= Beginning of Section =

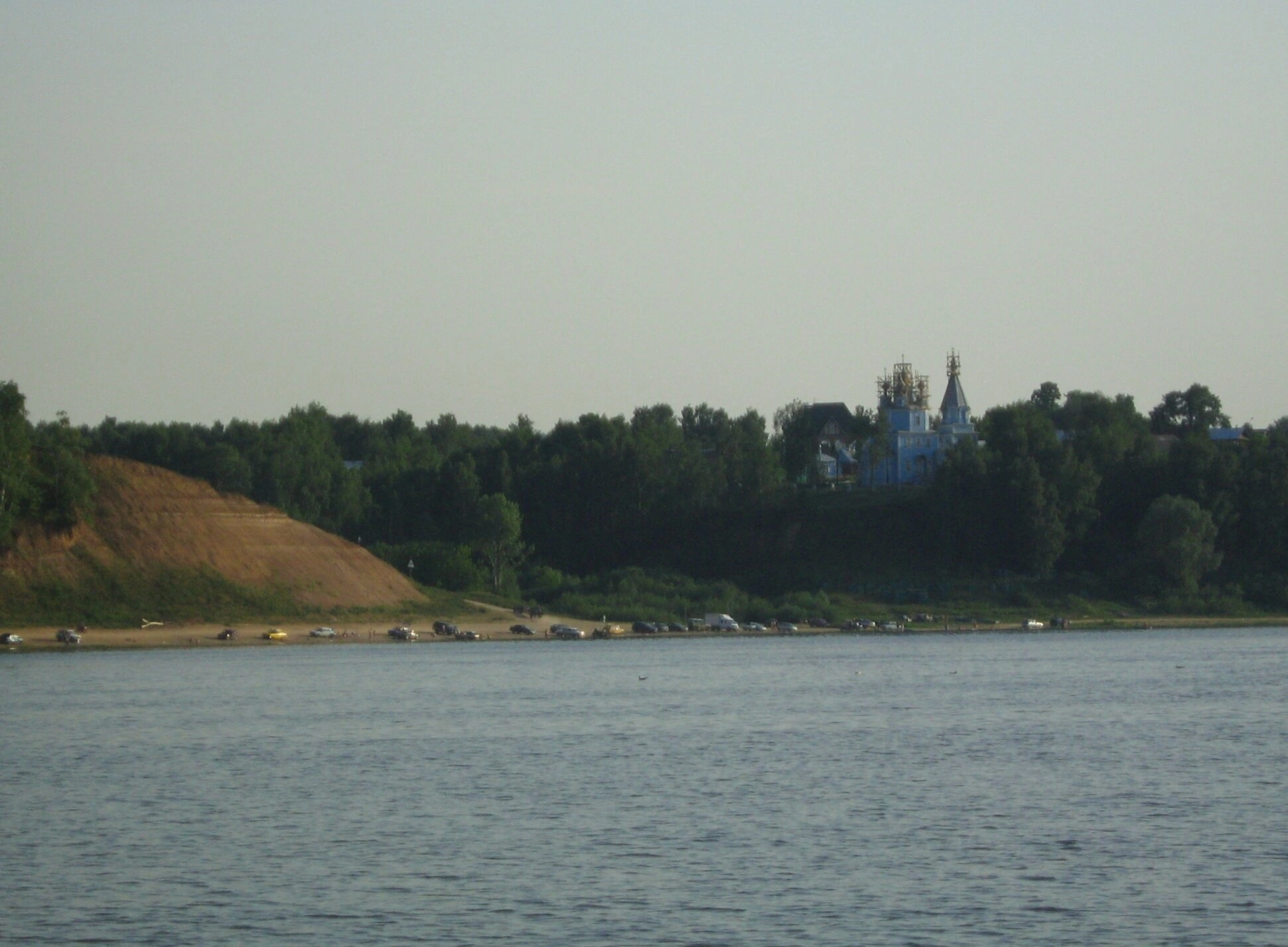 Окружающий храм смешанный лес подчёркивает уединённость и благодатную тишину этого места, делая его притягательным для паломников и ценителей русской духовной культуры. Припаркованные у воды автомобили свидетельствуют о том, что сюда приезжают многочисленные верующие и туристы, желающие поклониться чтимой Казанской иконе Пресвятой Богородицы и насладиться прекрасными видами волжских просторов. Фотография передаёт атмосферу мира, спокойствия и глубокой веры, характерную для этого святого места.
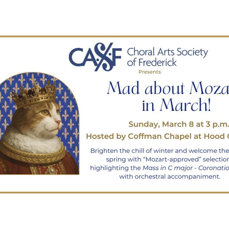 The CASF presents Mozart’s Mass in C Major, the Coronation Mass. Accompanied by orchestra and soloists, the choir will present an afternoon of musical delights, written by or about Wolfgang Amadeus Mozart.
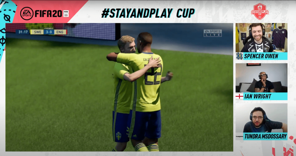 These reality-show tactics make broadcasts more entertaining and emotionally compelling to broader audiences; people who aren’t hardcore gamers don’t care as much about seeing the highest caliber of esports competition. Sitrin said EA purposely pairs famous commentators like retired Arsenal player Ian Wright with an experienced esports broadcaster as co-hosts and are experimenting with more strategies to foster excitement when all participants are video-conferencing in. Esports broadcasts are being redesigned as their own format of entertainment that is not constrained by the best practices of sports broadcasting.
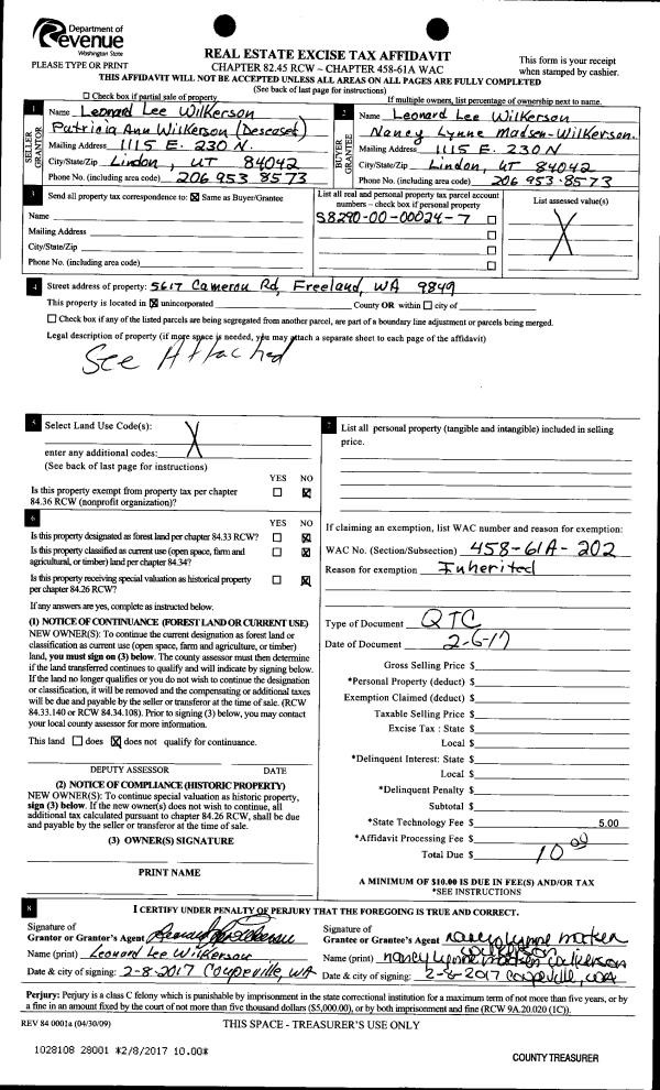 | Mailing Address: | 360 DODGE RD CAMANO ISLAND, WA 98282 | % Ownership: | 100.0000000000% |

= End of Section =

— Problem to work on —
Set the entire listing down again, exact in every line, without any pictures.

— Solution —
 Окружающий храм смешанный лес подчёркивает уединённость и благодатную тишину этого места, делая его притягательным для паломников и ценителей русской духовной культуры. Припаркованные у воды автомобили свидетельствуют о том, что сюда приезжают многочисленные верующие и туристы, желающие поклониться чтимой Казанской иконе Пресвятой Богородицы и насладиться прекрасными видами волжских просторов. Фотография передаёт атмосферу мира, спокойствия и глубокой веры, характерную для этого святого места.
 The CASF presents Mozart’s Mass in C Major, the Coronation Mass. Accompanied by orchestra and soloists, the choir will present an afternoon of musical delights, written by or about Wolfgang Amadeus Mozart.
 These reality-show tactics make broadcasts more entertaining and emotionally compelling to broader audiences; people who aren’t hardcore gamers don’t care as much about seeing the highest caliber of esports competition. Sitrin said EA purposely pairs famous commentators like retired Arsenal player Ian Wright with an experienced esports broadcaster as co-hosts and are experimenting with more strategies to foster excitement when all participants are video-conferencing in. Esports broadcasts are being redesigned as their own format of entertainment that is not constrained by the best practices of sports broadcasting.
 | Mailing Address: | 360 DODGE RD CAMANO ISLAND, WA 98282 | % Ownership: | 100.0000000000% |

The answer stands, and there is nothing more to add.